SOURCE DATA =

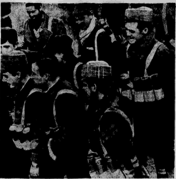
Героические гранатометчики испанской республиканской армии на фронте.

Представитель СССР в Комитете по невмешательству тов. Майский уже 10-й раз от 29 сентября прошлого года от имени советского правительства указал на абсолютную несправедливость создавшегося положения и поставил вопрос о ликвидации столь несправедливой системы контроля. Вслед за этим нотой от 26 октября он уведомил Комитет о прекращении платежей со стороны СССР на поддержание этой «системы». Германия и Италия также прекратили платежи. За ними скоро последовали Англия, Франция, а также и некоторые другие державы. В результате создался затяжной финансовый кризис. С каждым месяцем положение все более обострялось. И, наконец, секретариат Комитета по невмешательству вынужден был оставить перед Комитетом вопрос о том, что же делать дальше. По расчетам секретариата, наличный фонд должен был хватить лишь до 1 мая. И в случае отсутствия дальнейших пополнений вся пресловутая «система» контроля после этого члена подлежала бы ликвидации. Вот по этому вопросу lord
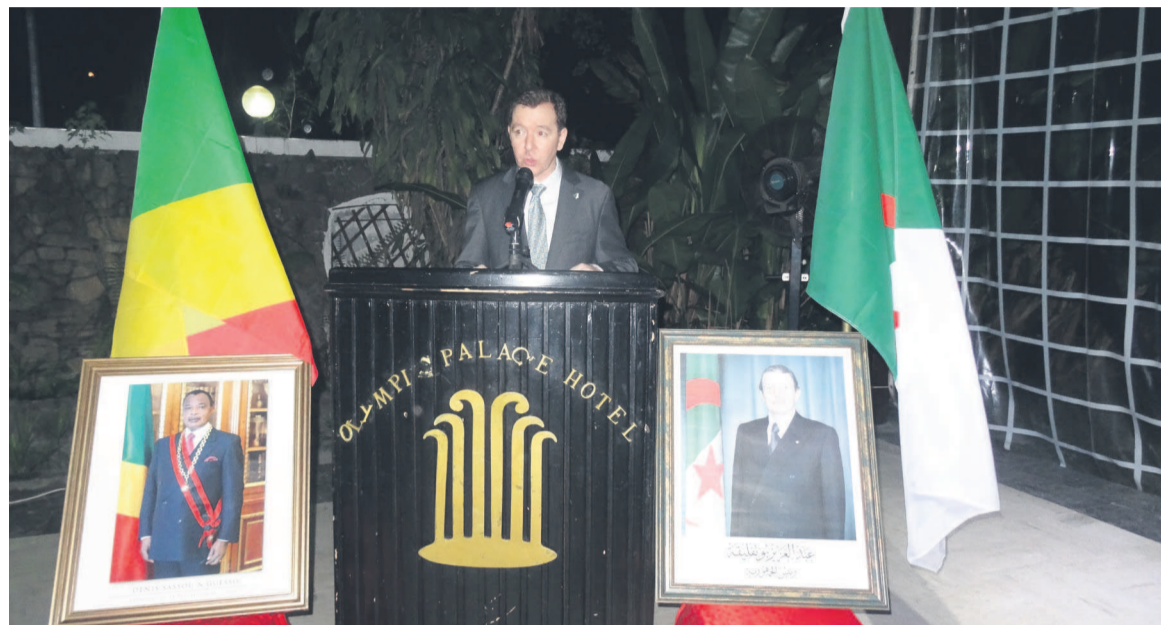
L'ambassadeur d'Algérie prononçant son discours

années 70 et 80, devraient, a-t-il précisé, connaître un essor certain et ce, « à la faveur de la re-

EXERCISE =
Images in the data above are to be skipped. Retype all other material exactly.

EXERCISE ANSWER =
Героические гранатометчики испанской республиканской армии на фронте.

Представитель СССР в Комитете по невмешательству тов. Майский уже 10-й раз от 29 сентября прошлого года от имени советского правительства указал на абсолютную несправедливость создавшегося положения и поставил вопрос о ликвидации столь несправедливой системы контроля. Вслед за этим нотой от 26 октября он уведомил Комитет о прекращении платежей со стороны СССР на поддержание этой «системы». Германия и Италия также прекратили платежи. За ними скоро последовали Англия, Франция, а также и некоторые другие державы. В результате создался затяжной финансовый кризис. С каждым месяцем положение все более обострялось. И, наконец, секретариат Комитета по невмешательству вынужден был оставить перед Комитетом вопрос о том, что же делать дальше. По расчетам секретариата, наличный фонд должен был хватить лишь до 1 мая. И в случае отсутствия дальнейших пополнений вся пресловутая «система» контроля после этого члена подлежала бы ликвидации. Вот по этому вопросу lord
L'ambassadeur d'Algérie prononçant son discours

années 70 et 80, devraient, a-t-il précisé, connaître un essor certain et ce, « à la faveur de la re-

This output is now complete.